Somut olayda dava 15/03/2017 tarihinde açılmış olup, davacı/karşı davalı sigorta şirketi, dava dışı kuruma ödenen tedavi giderlerinin bireysel sağlık sigortası poliçesinin tanzimi sırasında kendisine bildirilmediğini iddia ettiği hastalıktan kaynaklandığı ve poliçe kapsamında olmadığı iddiası ile dava dışı kuruma ödediği tedavi giderinin davalıdan tahsili talep ettiği, davalı/ karşı davacı ise açmış olduğu karşı dava ile poliçenin halen geçerli olduğunun tespitini talep ettiği anlaşılmıştır.
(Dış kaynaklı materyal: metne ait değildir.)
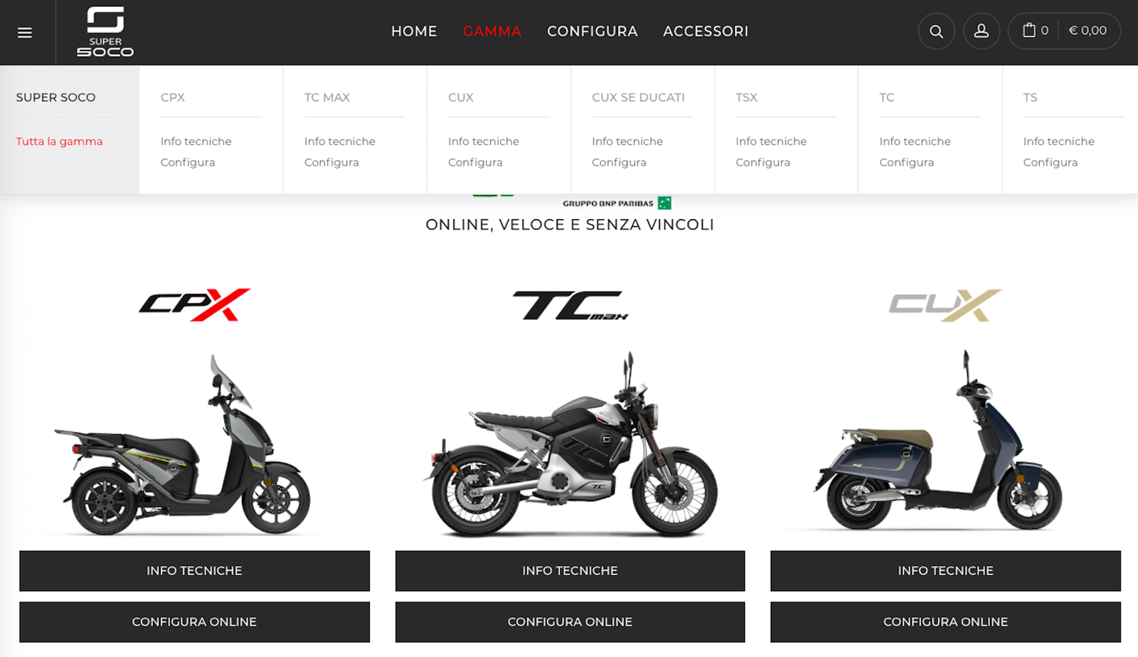 Il nuovo canale online di Super Soco punta a offrire un supporto anche alla rete dei suoi negozi. La moto o lo scooter acquistati, attraverso una procedura che accompagna l’utente passo dopo passo, potranno essere recapitati a domicilio o, appunto, presso un punto vendita scelto dal cliente.Capitolo metodi di pagamento. I modelli elettrici Super Soco si potranno acquistare pagando con carta di credito o bonifico in un’unica soluzione oppure a rate, da 3 a 60. Se si opta per quest’ultima soluzione, in fase di finalizzazione dell’acquisto sarà visualizzata una proposta di finanziamento redatta in collaborazione con Findomestic.

Yukarıda yer verilen düzenlemeler ve dava konusu somut olay birlikte değerlendirildiğinde, taraflar arasındaki ilişki 6502 Sayılı Kanun kapsamında tüketici işlemi olup uyuşmazlığa bakmakla görevli mahkeme Tüketici Mahkemesidir. Mahkemelerin görevi kanunla düzenlenir, kamu düzenindendir ve dava şartları arasındadır. Açıklanan nedenlerle ve yasal düzenlemeler karşısında mahkememizin görevsizliği ve dava konusu uyuşmazlığa bakmakla görevli mahkemenin Tüketici Mahkemesi olması dolayısıyla davanın ve karşı davanın dava şartı yokluğu nedeni ile usulden reddine karar vermek gerekmiş ve aşağıdaki şekilde hüküm kurulmuştur.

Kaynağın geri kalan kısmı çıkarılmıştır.